Among 87,403 infertile women, IVF was not significantly associated with breast or gynecologic cancers. Among women receiving four or more cycles, ovarian cancer was nonsignificantly elevated, supporting further risk monitoring.

Louise A. Brinton, Ph.D., Britton Trabert, Ph.D., Varda Shalev, M.D., Eitan Lunenfeld, M.D., M.H.A., Tal Sella, M.D., Gabriel Chodick, Ph.D.

Volume 99, Issue 5, Pages 1189-1196, April 2013


To assess long-term cancer risks associated with in vitro fertilization (IVF).

Record-linkage study.

Health maintenance organization in Israel.

A total of 87,403 women evaluated and/or treated for infertility on or after September 25, 1994 who developed cancer through June 22, 2011: 522 breast, 41 endometrial, 45 ovarian, 311 in situ cervical and 32 invasive cervical cancers were identified.


Main Outcome Measures:
Hazard ratios (HRs) for specific cancers.

We found no significant relationships of IVF exposures to the risks of breast, endometrial or ovarian cancers. Compared to women with no fertility treatment, the HR associated with IVF was 1.58 (95% CI 0.75-3.29), with higher risk among those receiving 4+ cycles (1.78, 95% CI 0.76-4.13). There was also a non-significantly elevated risk for endometrial cancer among women who received 1-3 IVF cycles (1.94, 0.73-5.12), but additional cycles were associated with lesser risk. In contrast, in situ cervical cancer was significantly reduced and invasive cervical cancer non-significantly reduced among women receiving IVF as well as other fertility treatments.

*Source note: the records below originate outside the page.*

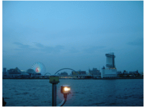
ちょっと涼くなりました。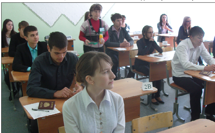
Последние инструкции перед экзаменом.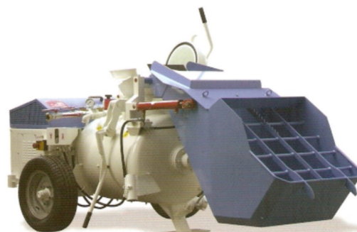
MT89 Mezcladora y transportadora de mortero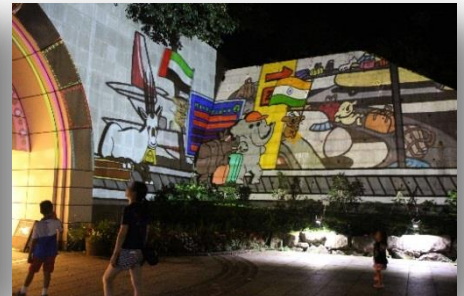
「おしゃべりナイト」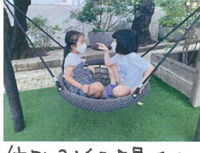
仲よし2人組♪最近のゲームはあ、ち向いてホイ!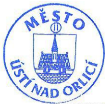
Petr Hájek za pronajímatele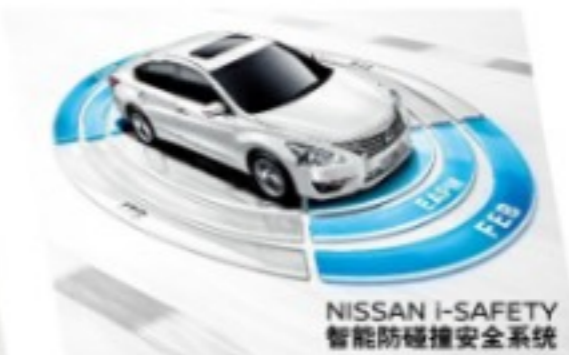
NISSAN I-SAFETY 智能防撞安全系统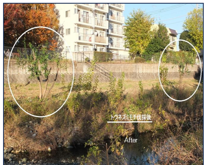
トウネズミモチ伐採 After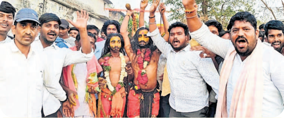
జాతరలో పాతరాజులతో స్థానిక యువకుల ఉత్సాహం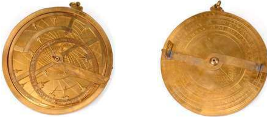
Rèplica numerada conservada al MNACTEC de l'astrolabi carolingi més antic que es coneix.

El primer astrolabi adaptat a la numeració llatina, i que prenia com a referent astronòmic el meridià de Barcelona per a tot el món occidental conegut, va ser construït a Catalunya per l'astrònom i religiós català del segle X Sunifred Llobet.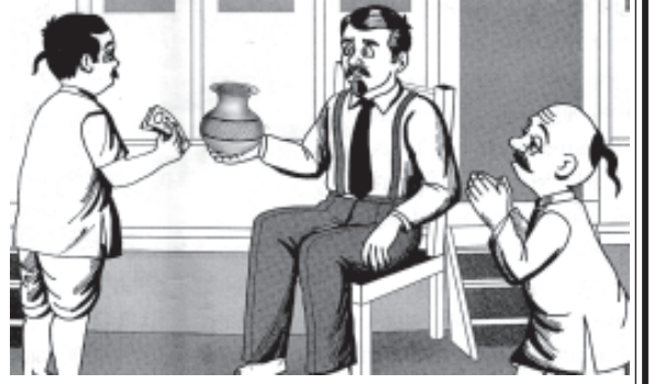
આવી અને લોટો પણ જુનો-પુરાણો ઘોલાવણો હતો જે લાલાજીને બિલકુલ પસંદ નહોતો.

કાશીની મુખ્ય બજારમાં જ મકાન ધરાવતા લાલા જાઉલાલને ખાવા-પીવાના ખર્ચની ખોટ નહોતી. તેઓ ઉપલા માળે રહેતા અને નીચેની દુકાનોનું જુના જમાનામાં રૂ. ૧૦૦ ભાડું આવતું હતું. તેમાં બંને માણસનો જીવન-નિર્વાહ ચાલતો હતો. એક દિવસ તેમની પત્નીએ એકીસાથે અડીસો રૂપિયાની માંગણી કરી, જેનાથી લાલાજી નડસ થઈ ગયો. તેની દશા જોઈને તેની પત્નીએ કહ્યું, 'ગભરાવ નહીં, તમારી ત્રેવડ ન હોય તો હું મારા ભાઈ પાસેથી લઈ આવીશ!' આ મીઠાં મારથી લાલા સમસમી ઊઠ્યા અને રોષ સાથે કહ્યું, 'અડીસો રૂપિયા માટે તારા ભાઈ પાસે ભીખ ન માંગતી, હું આપીશ.' પત્ની બોલી, 'પણ મારે આ ભવમાં જ જોઈએ!' લાલાજીએ કહ્યું, 'આ સપ્તાહમાં જ લઈ લેજે.' પત્નીએ પૂછ્યું, 'આ મર્દની જબાન છે?' લાલાજીએ કહ્યું, 'આજથી સાતમા દિવસે અડીસો રૂ.' જેમતેમ કરી લાલાજીના પાંચ દિવસ વીતી ગયા, પણ કોઈ પ્રબંધ ન થઈ શક્યો. છટે દિવસે ગભરાઈને લાલાજીએ તેના મિત્ર પંડિત વ્રજવાસીને વિપદા સંભળાવી, પણ સંજોગ એવા હતા કે પંડિતજી પણ ત્યારે સાવ લુખ્ખા હતા. છતાં આશ્વાસન આપતાં કહ્યું, 'પૈસાનો જોગ થશે તો હું કાલ સાંજ મળીશ.' અને એ સાંજ આવી પહોંચી. સપ્તાહનો અંતિમદિવસ હતો. લાલાજી અગાસી પર ટહેલી રહ્યા હતા. ચિંતાથી ગળું સુકાઈ રહ્યું હતું. તેણે પાણી માટે અણજ ટીથો અને તેની પત્ની પાણી લઈને આવી, પણ ગલાસ લાવતા ભૂલી ગઈ. બંધરીયા લોટામાં પાણી લઈને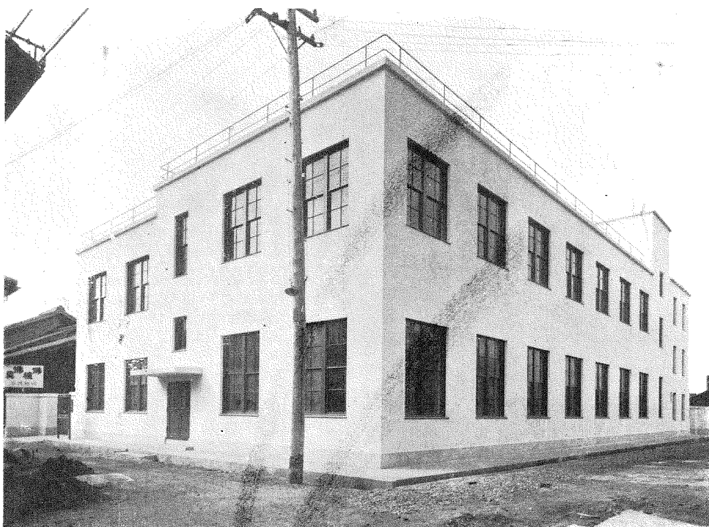
(1) 桑 名 電 話 局 正 面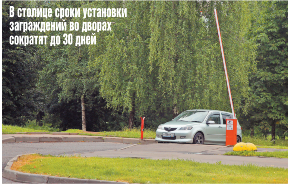
В столице сроки установки ограждений во дворах сократят до 30 дней

— это неправильно, хотя не столь критично, когда свои машины оставляют горожане или приезжие из области из-за близости двора к метро.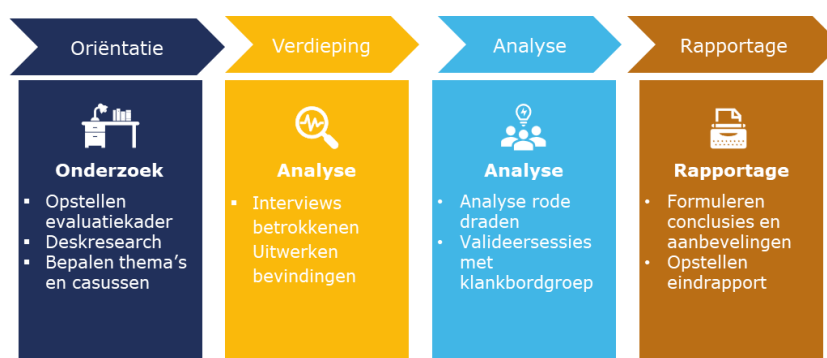
Figuur 1: Het door ons doorlopen onderzoeksproces

Daarnaast hebben we in meerdere sessies met de klankbordgroep (provincies, IenW, sectorpartijen) onze bevindingen gevalideerd en aangevuld en hebben wij er lessen uit getrokken. Een stuurgroep (provincies, IenW) heeft nauwlettend de koers van de evaluatie gevolgd. Tot slot hebben we een gesprek gehad met een vertegenwoordiger van de Nederlandse Vereniging van Luchthavens (NVL) om het NVL-perspectief op de conceptrapportage op te halen.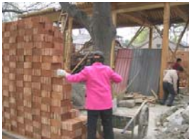
住民の改築もむなく...

Our results regarding long-term effects were largely reassuring, but women receiving IVF should continue to be monitored given that the procedures involves potent ovulation stimulators and repeated ovarian punctures.

  • Audrey Gaskins

    While this study does address a pertinent question that remains somewhat unclear in the field I have a couple of questions for the authors. First, given the young age of the women included in this study I’m assuming the majority of breast cancers were pre-menopausal. However, if there were also post-menopausal breast cancers, it would be interesting to evaluate these outcomes separately since risk factors differ for these two types of cancers particularly in regards to hormonal exposures. Second, my biggest concern, is why so many women (~50%) were missing underlying fertility diagnoses? Why do the authors think this was not recorded in the EMR? I applaud the authors for attempting to control for some of the confounding by infertility diagnosis (yes/no) but there still remains the possibility of confounding by type of infertility diagnoses which could not be addressed in this paper due to the large amount of missing data.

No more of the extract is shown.